The authors present reading as a remedy for three prevalent cultural vices--distraction, hostility, and consumerism--that impact the possibility of formative reading. (from the publisher)


Do you ever read deeply?

Do you make time and read a book that requires thinking beyond what you normally challenge yourself to read?

If we aspire to be lifelong learners we are always reading, pushing the boundaries of what we can understand.

If you love books and love to read this book will help you to appreciate and perhaps read deeper!



Rachel Griffis, Julie Ooms, & Rachel Roberts - Deep Reading

#BookClub with Rachel B. Griffis (PhD, Baylor University) who is an associate professor of English at Spring Arbor University in Spring Arbor, Michigan. Julie Ooms (PhD, Baylor University) is an associate professor of English at Missouri Baptist University in St. Louis, Missouri. Rachel M. De Smith Roberts (PhD, Baylor University) is an associate professor of English at North Greenville University in Tigerville, South Carolina." from the video introduction


"This book helps readers develop practices that will result in deep, formative, and faithful reading so they can contribute to the flourishing of their communities and cultivate their own spiritual and intellectual depth.

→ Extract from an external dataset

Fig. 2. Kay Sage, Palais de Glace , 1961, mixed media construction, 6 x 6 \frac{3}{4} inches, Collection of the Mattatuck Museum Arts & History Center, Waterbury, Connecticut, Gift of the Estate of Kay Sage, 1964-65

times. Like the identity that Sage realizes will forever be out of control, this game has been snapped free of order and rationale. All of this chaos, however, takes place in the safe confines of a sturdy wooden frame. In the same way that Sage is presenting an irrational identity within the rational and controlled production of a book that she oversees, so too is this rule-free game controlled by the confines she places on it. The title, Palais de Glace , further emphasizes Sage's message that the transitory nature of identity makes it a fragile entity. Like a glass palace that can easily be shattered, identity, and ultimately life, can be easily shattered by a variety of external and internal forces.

The authors present reading as a remedy for three prevalent cultural vices--distraction, hostility, and consumerism--that impact the possibility of formative reading. Informed by James K. A. Smith's work on "the spiritual power of habit," Deep Reading provides resources for engaging in formative and culturally subversive reading practices that teach readers how to resist vices, love virtue, and desire the good.

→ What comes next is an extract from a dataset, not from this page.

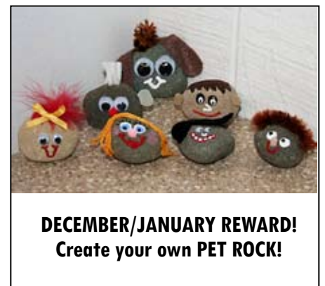
DECEMBER/JANUARY REWARD! Create your own PET ROCK!
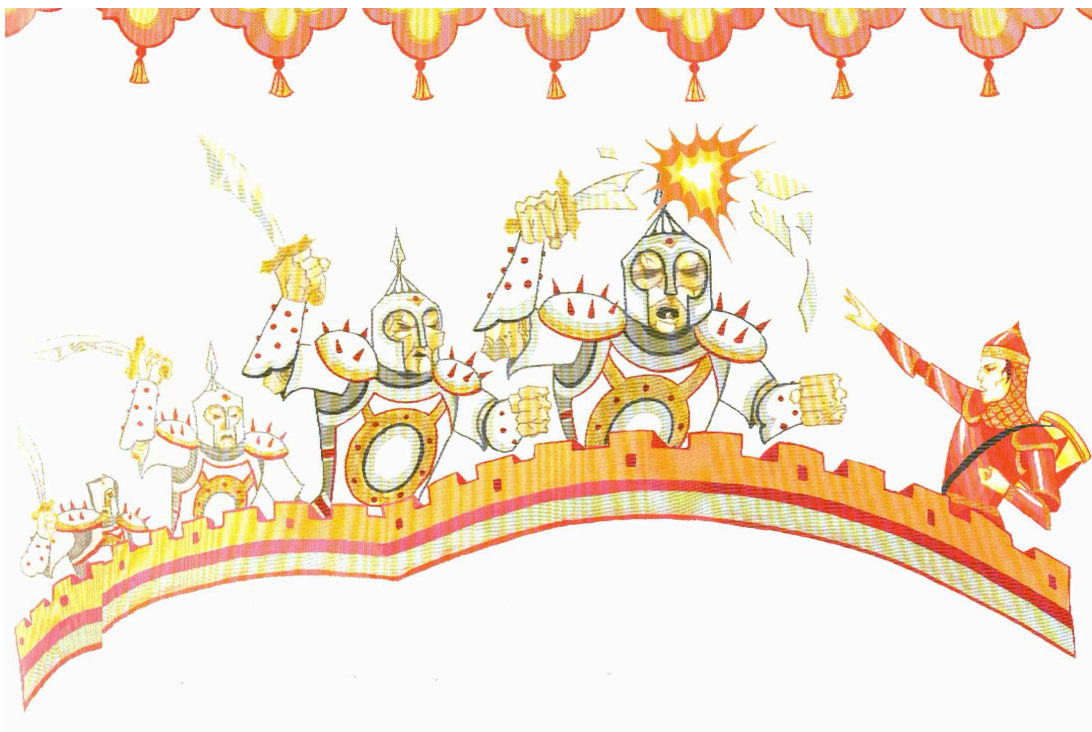
Fig. 67. The Prince and the Mechanical Watchmen

Source: Tarnowska, Wafa, Nilesh Mistry, and Ganjavī Nizāmī. The Seven Wise Princesses: A Medieval Persian Epic . New York, NY: Barefoot Books, 2000. Print.

Rather than emphasizing the spiritual benefits of reading specific texts such as Dante's Divine Comedy or Adventures of Huckleberry Finn, the authors focus on the practice of reading itself. They examine practices many teachers, students, and avid readers employ--such as reading lists, reading logs, and discussion--and demonstrate how such practices can be more effectively and intentionally harnessed to result in deep reading. The practices apply to any work that is meant to be read deeply."